L’Aquila va in Eccellenza «Lotteremo per vincere»

22 Maggio 2020

Il diesse Di Genova: il risultato è meritato e stiamo già lavorando per il futuro Il direttore generale Ianni: «Saremo pronti». Cappellacci confermato in panchina

L’AQUILA. Manca solo l’ufficialità, ma in città si respira già aria di promozione. Dopo la definitiva chiusura dei campionati dilettantistici, oggi gli organismi sportivi federali si riuniscono per stipulare delle linee guida da seguire sui criteri di promozione e retrocessione dei campionati. Criteri che poi, dovrebbero essere ufficializzati nel prossimo consiglio federale previsto i primi giorni di giugno.

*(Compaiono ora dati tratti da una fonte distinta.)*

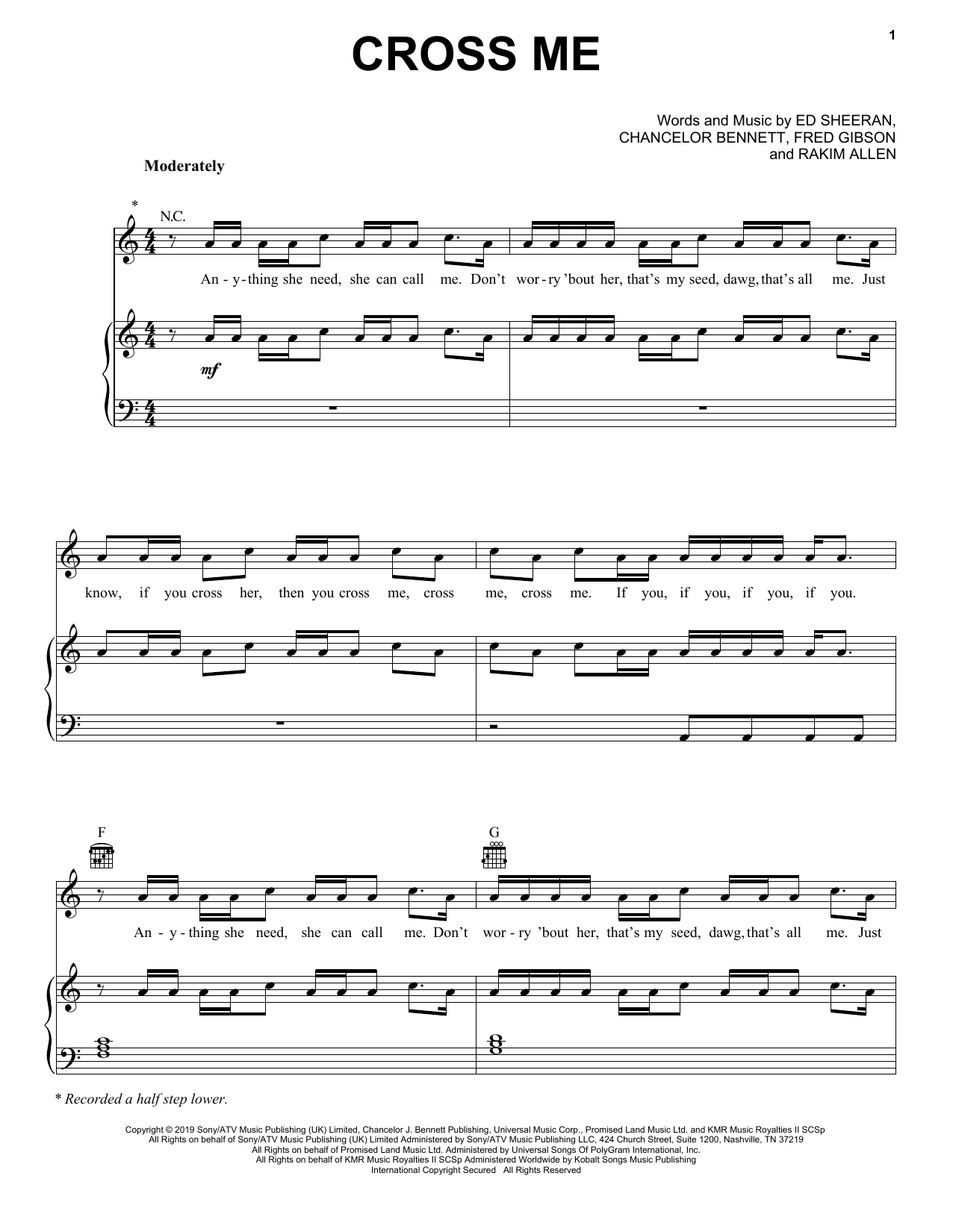 Download or print Ed Sheeran Cross Me (feat. Chance the Rapper & PnB Rock) sheet music, chords and digital score arranged for Piano, Vocal & Guitar Chords (Right-Hand Melody). This Pop score includes 10 page(s).

Se riguardo alle retrocessioni vi è ancora un certo dibattito, al contrario, sul fronte promozioni, sembrano esserci pochi dubbi sul fatto che a salire saranno le prime classificate di ogni torneo. L’Aquila, dunque, sta assaporando il passaggio nel campionato di Eccellenza. Bisognerà solo capire quando il tutto sarà formalizzato. Si andrà a premiare la stagione arrembante dei rossoblù, che prima della sospensione dei tornei erano saldamente al comando del girone A di Promozione con 72 punti e con un vantaggio di 12 lunghezze dal Mutignano secondo in classifica. Un passivo addirittura superiore a quello che L’Aquila aveva inflitto nella stagione 18/19 in Prima Categoria, con il Pizzoli che concluse a -9 dalla corazzata aquilana. Il club del capoluogo abruzzese tornerà nel massimo campionato regionale dopo 11 anni dall’ultima volta.
«A prescindere dal fatto che i campionati non si siano conclusi, io penso che L’Aquila meriti di salire alla categoria successiva. Non ci sono dubbi su questo, credo che nel nostro caso sia la scelta più giusta da fare», queste le parole di Luca Di Genova, direttore sportivo dei rossoblù. Per quanto sia una sottigliezza, bisognerà capire se la Lnd concederà solamente il salto di categoria oppure se assegnerà anche il titolo di campione del girone A. «L’importante è sapere che l’anno prossimo saremo in Eccellenza, il resto si vedrà», continua il ds. «Stiamo già lavorando per il futuro, vogliamo fare un bel campionato anche l’anno prossimo, per quanto sappiamo che l’Eccellenza è un torneo ancora più difficile. Questi ragazzi stanno facendo un qualcosa di encomiabile, un onore lavorare per loro».
Dello stesso avviso anche il direttore generale Paolo Ianni. «Eravamo arrivati a un punto in cui c’era un grosso distacco tra noi e le principali inseguitrici. Con il criterio di premiare solo le prime qualcuno resterà scontento, ma accontentare tutti non è semplice. Probabile però che a causa di questa crisi ci saranno molte squadre che non si iscriveranno, quindi è possibile che ci sarà possibilità di salita anche per il Mutignano e per il Montorio. Questo virus non ci dà tanta allegria ed è probabile che ci farà tardare anche la prossima stagione, visto che si parla di una possibile ricaduta, ma noi saremo pronti».
L’Aquila, nonostante il periodo di fermo a causa di Covid-19, sta già lavorando per il futuro. Per la prossima stagione, infatti, il sodalizio aquilano avrà un proprio settore giovanile che sarà coordinato da Renato Greco, già tecnico della Juniores e viceallenatore dell’Aquila in Serie D dietro a Pier Francesco Battistini e che vedrà la collaborazione con la Spal. Formalizzato l’ingresso dell’Aps Aquile Rosso Blu ora proprietaria del marchio societario. Inoltre, avendo adempiuto al pagamento dell’Iva del primo trimestre del 2020, L’Aquila 1927 è finalmente un club pulito. A detta del dg Ianni «la città ha dato una grande risposta lo scorso anno e che ci aiuti anche per la prossima stagione». Ianni e Di Genova saranno confermati nell’assetto dirigenziale, così come sulla panchina resterà per il terzo anno consecutivo Roberto Cappellacci alla guida assieme al vice Andrea Sciarra.